CNFL-Konferenz zur Prostitution:
Ein Plädoyer für das „schwedische Modell“

„Freier gehören bestraft“ – in diesem Punkt waren sich am Mittwoch alle Redner bei der vom „Conseil national des femmes du Luxembourg“ in Leudelingen organisierten Konferenz zum Thema Prostitution einig. Das „schwedische Modell“, das eben den Sexkäufer kriminalisiert und nicht die Frauen, stand dann auch im Mittelpunkt der Veranstaltung.

Wie schon im LW-Interview unterstrich die irische Ex-Prostituierte Rachel Moran, die allermeisten betroffenen Frauen seien Opfer von organisierter Kriminalität. „Prostituierte zu bestrafen ist, wie nach einem Einbruch dem Opfer Handschellen anzulegen“, erklärte sie.

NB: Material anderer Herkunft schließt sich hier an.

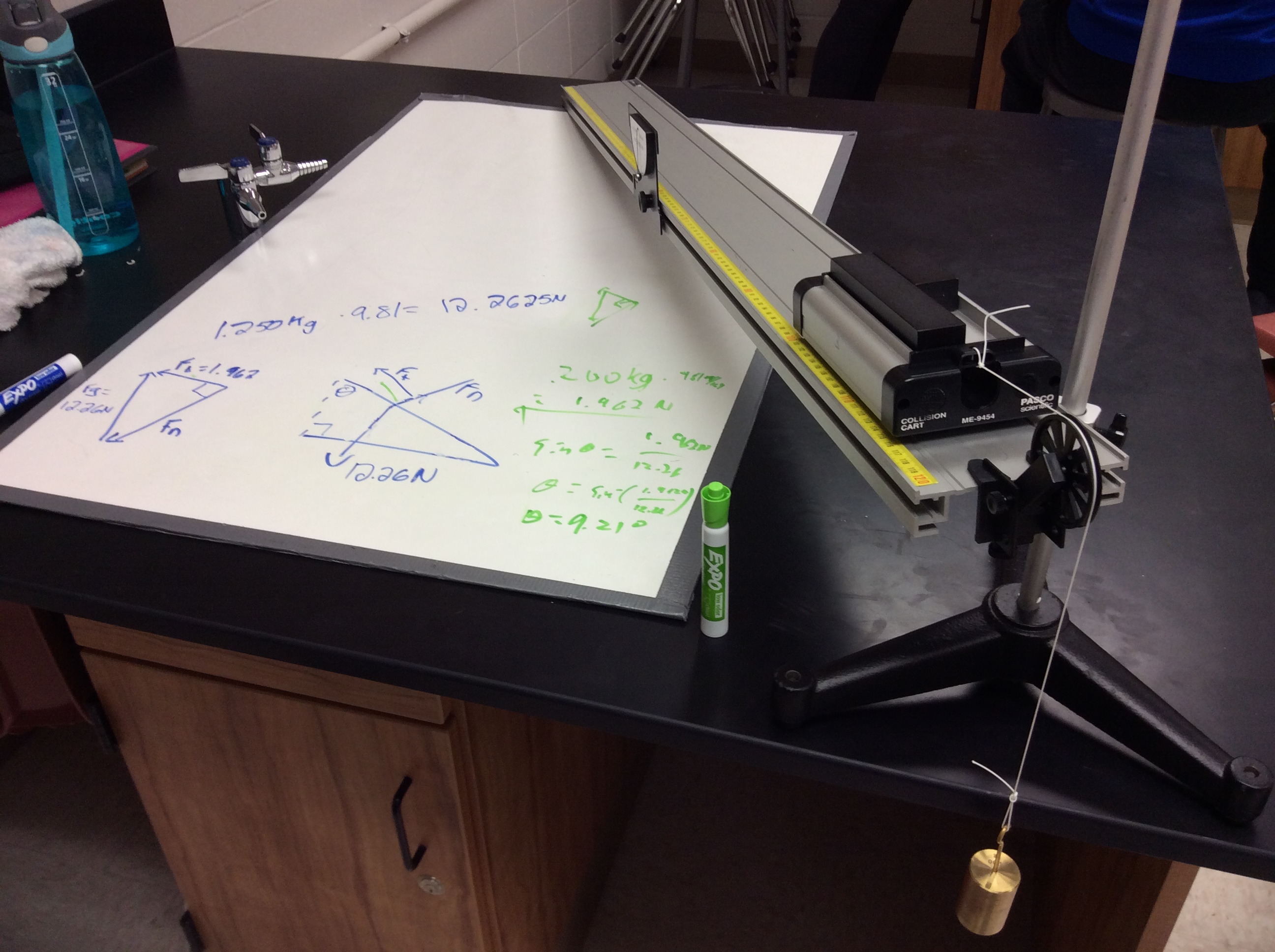 Each lab group got a cart mass and a hanging mass, then had to figure out what angle they should set their ramp to in order to balance the forces. I wasn’t sure how into it students would get since the goal was, pretty literally, to make nothing happen, but there were still cheers when they let go and everything stayed put. My students are now convinced they can do these problems in a way that just getting the right answer doesn’t accomplish. In one period, several groups finished quickly, so I had those groups keep the same angle and cart mass, but add to their hanging mass and calculate how much time it should take for the cart to make it up the ramp. I didn’t set up the photogates, since I wasn’t sure how many groups would get through this part, but students were able to get within 0.2 seconds of their prediction using a stopwatch.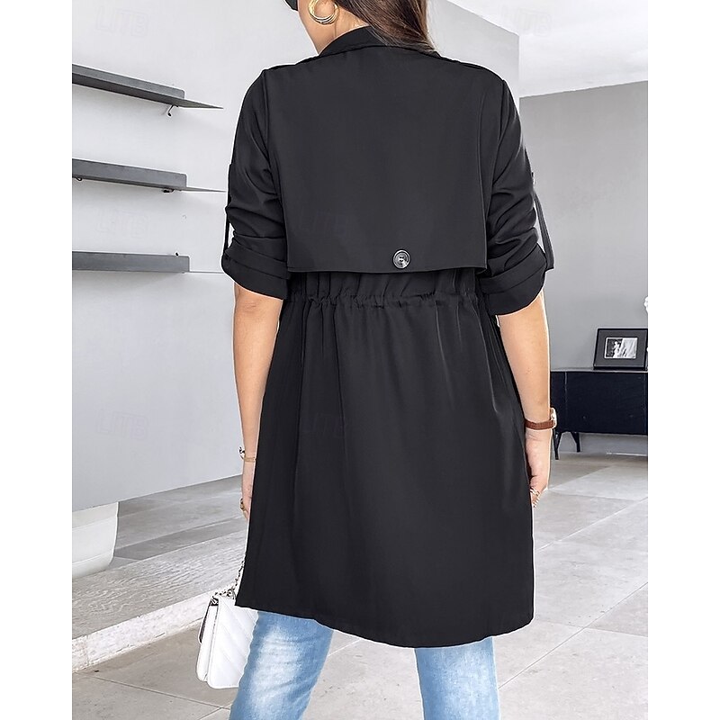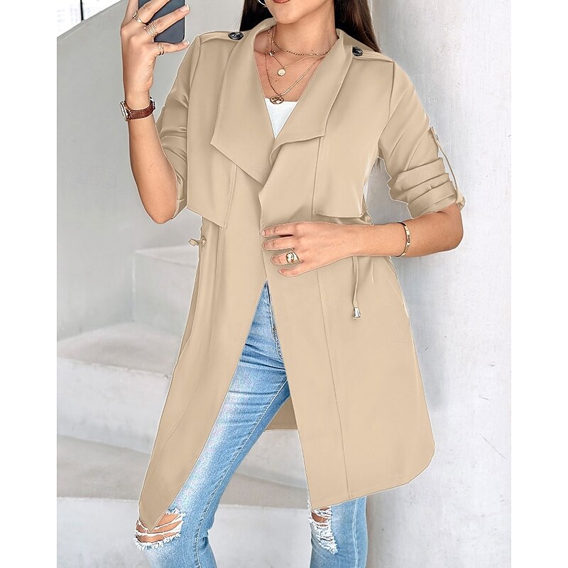 Highlights Product Highlights Product Highlights: [Fabric]: Crafted from lightweight, breathable material, this women's shrug offers comfort and durability. The soft texture and high-quality fabric make it perfect for everyday wear. [Fit]: Featuring a classic long sleeve design, this shrug provides a relaxed yet flattering fit. The adjustable drawstring waist allows you to tailor the fit to complement your body shape, offering both style and flexibility. [Design Highlights]: The shrug showcases a modern open-front style with a wide lapel for a sophisticated touch. Its three-quarter roll-tab sleeves add a casual yet elegant element, making it a versatile piece for seasonal transitions. [Occasions]: Ideal for daily wear and work environments, this shrug enhances both casual and formal outfits. Its classic design makes it suitable for a range of settings, ensuring you stay stylish at all times. [Size Range]: Available in a variety of sizes including S, M, L, XL, and 2XL, ensuring a comfortable fit for different body types and preferences.

Der schwedische Polizist Simon Häggström erklärte, dass die Polizeiarbeit in Stockholm in zwei getrennte Bereiche gegliedert ist. Eine Einheit befasst sich mit Prostitution und eine mit Menschenhandel. Sexkäufer würden mit einer Geldstrafe von 50 Tageslöhnen bestraft – wenn sie sich denn schuldig bekennen. Wenn nicht, erwarte sie ein öffentliches Gerichtsverfahren. Zuhälterei werde angegangen wie anderswo auch. Häggström hob hervor, dass es seit der Einführung des Prostitutionsgesetzes 1999 keinen einzigen Mord mehr im Stockholmer Milieu gab.

In Frankreich kamen alleine im Jahr 2014 sieben Prostituierte gewaltsam ums Leben, betonte Gregoire Théry vom französischen „Mouvement du nid“. Zudem koste die Prostitution die Allgemeinheit in Frankreich einer Studie zufolge jedes Jahr 1,6 Milliarden Euro. Ein neues Gesetz, das im Frühjahr eingeführt werden soll, werde die Situation der Sexarbeiter deutlich verbessern.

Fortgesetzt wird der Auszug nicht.